Müjde Işıl – Varını yoğunu ortaya koyarak, 100 milyonluk bütçenin neredeyse yarısını kendi cebinden karşılayarak bir destan çekmek nasıl bir tutku? Söz konusu Kevin Costner ve western ise buna şaşırmamak lazım. Zira Costner demek western demek bir bakıma. 1990’da Akademi’nin Kızılderililerden özür dileyip Oscar’a boğduğu “Kurtlarla Dans”, onun ilk yönetmenliğiydi. Westernin neredeyse unutulduğu 2000’lerin başında “Open Range/Uzak Ülke” ile türe bağlılığını sürdürdü. Yaklaşık 20 yıl sonra işi daha da büyüterek dört filmden oluşan ve şimdilik iki bölümünü çektiği “Horizon: An American Saga”ya imza attı.
‘80’lerden beri Costner’ın rüya projesi olan yapım harikulade sinematografiye sahip. Kanyonlardan doğal yaşam alanına ve çatışma sahnelerine kadar filmin görselliği gerçekten çok güçlü. Yıllarca dekor kullanılarak kotarılmış western fonu, bu filmde tamamen gerçek ve kusursuz. Storyboardları bile tablo niyetine saklanır. 1859’da beyazların, Kızılderililere ait arazide ev kurma girişimiyle başlayan film genel olarak Amerikan İç Savaşı dönemine odaklanıyor. O süreci farklı hikâyeler ve kahramanlar üzerinden anlatıyor. Hepsini birleştiren ise Horizon adlı bir yerleşim yeri ilanı.
Beyazların vahşeti
Costner ilk defa, yönettiği bir filmin senaryosuna da imza attı. Açıkçası bu filmin pek lehine çalışmamış; en azından karakterleri tanıdığımız bu ilk bölümde. Her bir hikâye farklı bir filmmiş de kurguda birleştirilmiş gibi. Dört bölümlük olduğunu düşündüğümüzde hikâyelerin bir noktada kesişmesi heyecan yaratıyor. Ancak ilk filmde karakterleri tanıyacak bir alan açmıyor filmin senaryosu. Costner sanki karakterleri seyircinin de tanıdığını farz etmiş. Kullanılan klişeler ise koca bir western külliyatına saygı duruşu niteliğinde.

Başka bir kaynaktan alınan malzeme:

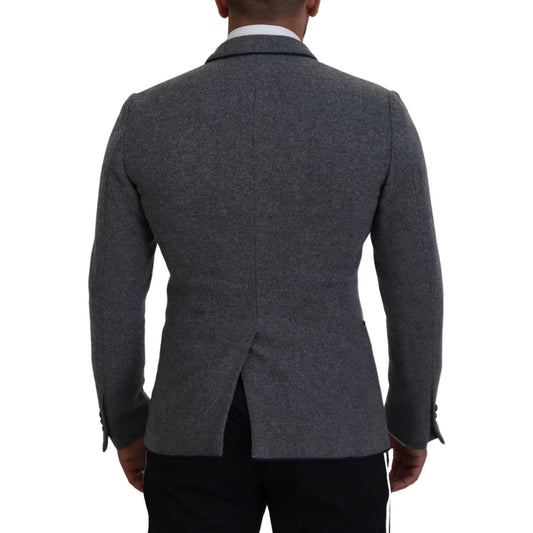 优雅的灰色羊毛西装外套,配以蜜蜂皇冠刺绣

Filmin başında çoluk çocuk öldüren Kızılderililer görüyoruz. Katliamı yapanlar, alanlarını korumak isteyen bir avuç kötü olarak tanımlansalar da yıllarca Hollywood’un Kızılderilileri vahşi olarak tanıttıkları filmleri anımsatıyor bu sahneler. Sonrasında da beyazların vahşetine tanık oluyoruz. Film, barış mesajını ordudaki teğmenin ve Kızılderili şefin sağduyusuyla veriyor. Costner’ın canlandırdığı Hayes Ellison ise filmin tam 60. dakikasında perdede görünüyor. Bu karizmatik karakter belli ki ikinci filmde kilit bir yerde olacak. Sam Worthington’ın karakteri ise daha baskın.
Çok karakterli bu destanın bütününü ve hikâyelerin nerede kesiştiğini henüz bilmiyoruz. İlk film, telaşlı ve odaksız hikâye anlatımının dezavantajını yaşıyor. Dört bölüm yani yaklaşık 12 saatlik bir destana başlarken detaycı bir senaryo ile başyapıt çıkarabilirmiş Costner. Kim bilir, belki ikinci film öyle olur.